The QCD framework was tested on 4228 image sequences and performed as consistently in the large-scale dataset as in the smaller validation dataset. The segmentation performance, with mean DSC of 0.966 for both AA and PDA (Table 2), was comparable to the validation results. The lumen area estimation was in high agreement with the manual annotations with MAE less than 17.6 mm2 for both AA and PDA (Table 2). Two examples of lumen area curves are shown in Fig. 3. Both curves show consistent lumen area estimation with manual annotations at systole and diastole. In addition, Fig. 4 shows an example in the testing data to demonstrate how differences in candidate segmentations influence the DSC predictions in the QCD framework.
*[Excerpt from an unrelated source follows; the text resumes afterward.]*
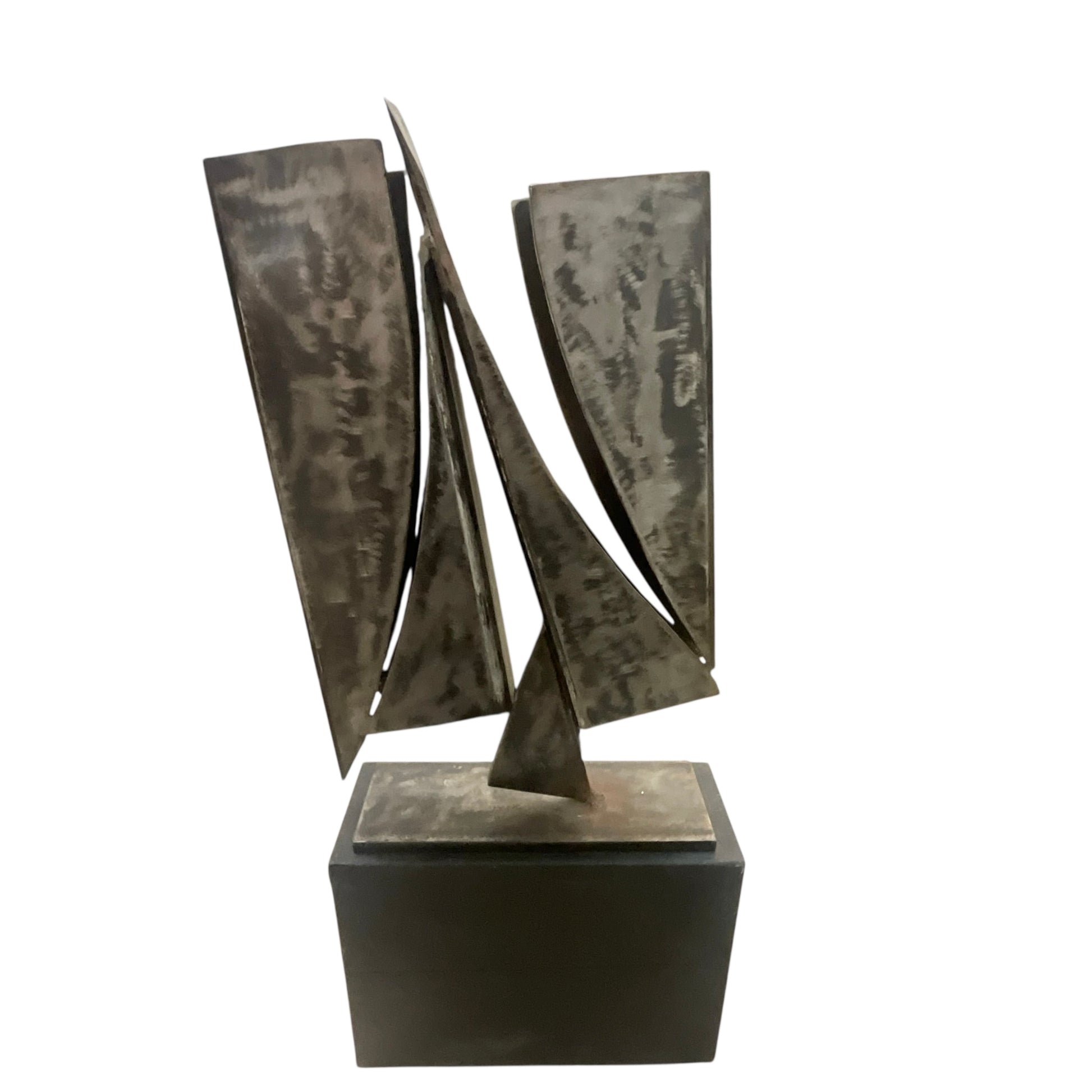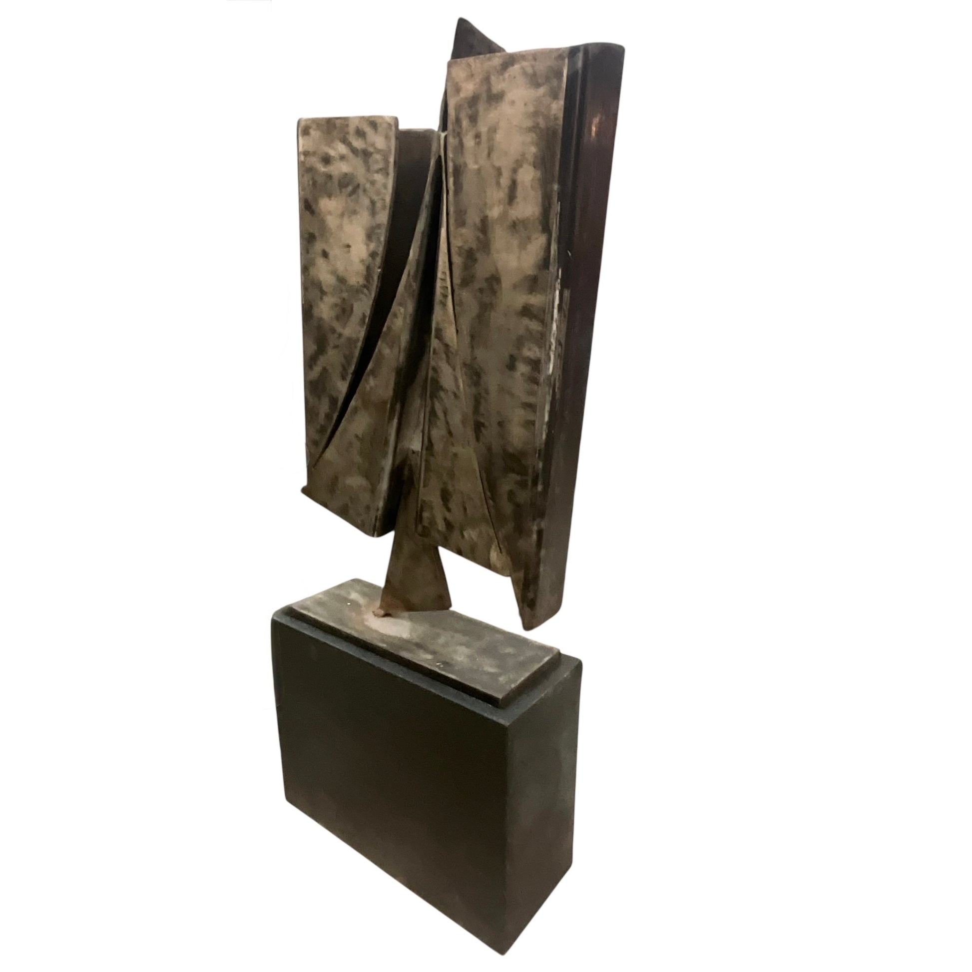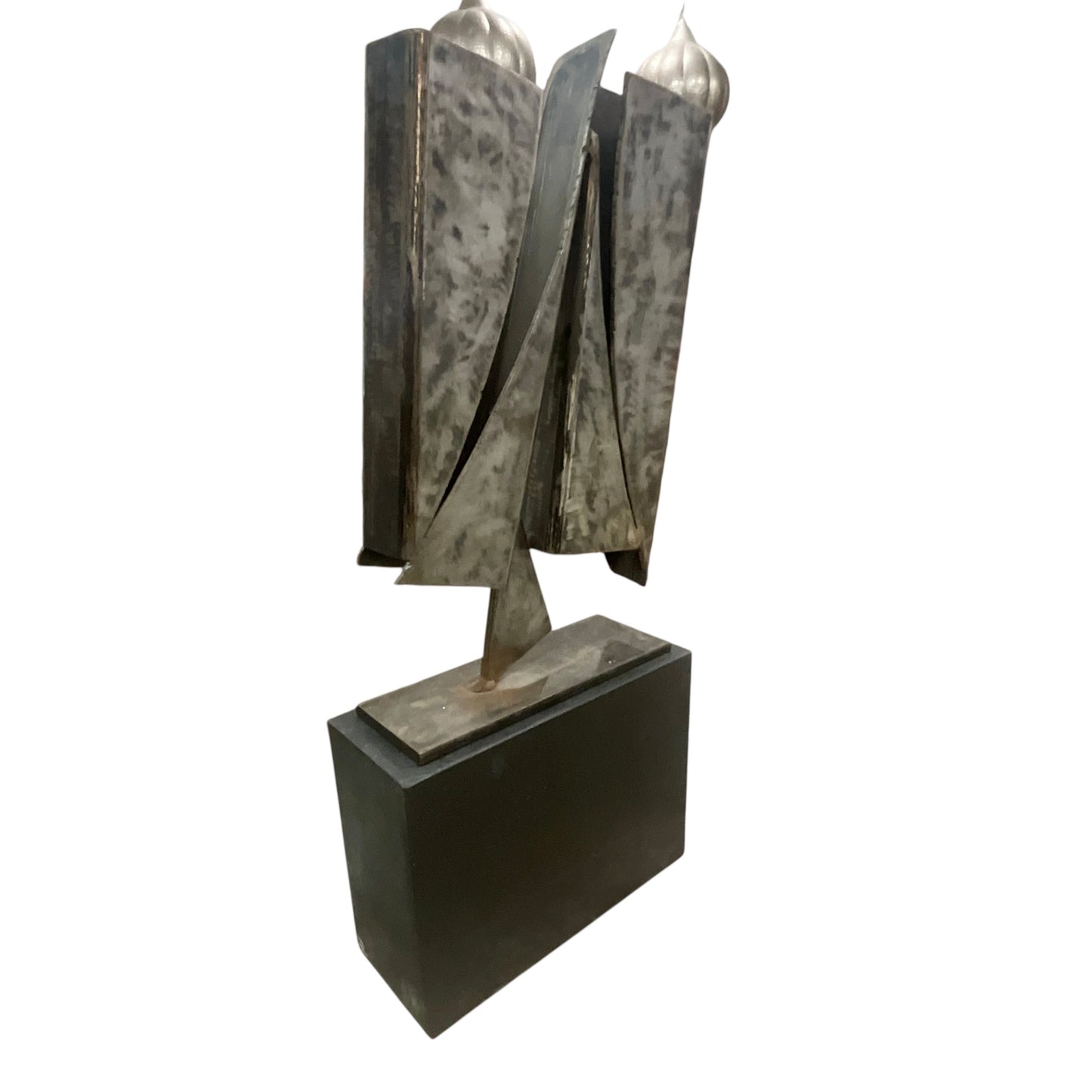 Brutalist Metal Sculpture on Granite Base

Table 2. Evaluation results of QCD framework in the test dataset of 4228 image sequences
Fig. 3.
figure 3

Lumen area curves for AA (left) and PDA (right) estimated by QCD (blue), compared with manually validated ground truth (red; only in end-diastolic and end-systolic frames). (Color figure online)

Fig. 4.
figure 4

Example of a poorly-planned aortic cine image (too far below the main pulmonary artery). Manual segmentation (left large panel), with multiple automatic candidate segmentations of AA (red masks) and PDA (blue masks) are shown. For the final selected segmentation (outlined in red), the predicted DSC of AA segmentation is low (0.72) due to apparent differences among candidate segmentations, as AA was affected by poor image quality; most of the automatic segmentation includes parts of the right ventricle. In contrast, PDA was less affected; the predicted DSC was higher (0.93), as there was higher agreement among candidate models. (Color figure online)

4 Conclusions

In this paper, we presented a novel quality control-driven segmentation framework comprising of different neural networks. In the absence of manual annotations, the framework exploits differences among candidate segmentations to predict Dice metrics (DSC), which are exploited to select the optimal final segmentation on a per-case basis on-the-fly. Evaluated on a large-scale dataset of aortic cine images, the framework achieved high accuracy in segmentation, quality scoring, and lumen area estimation. This paves the way for fully-automated image analysis pipeline for reliable extraction of clinical parameters for large-scale clinical studies. Future work will cover a wider range of applications in multiple organs and imaging modalities.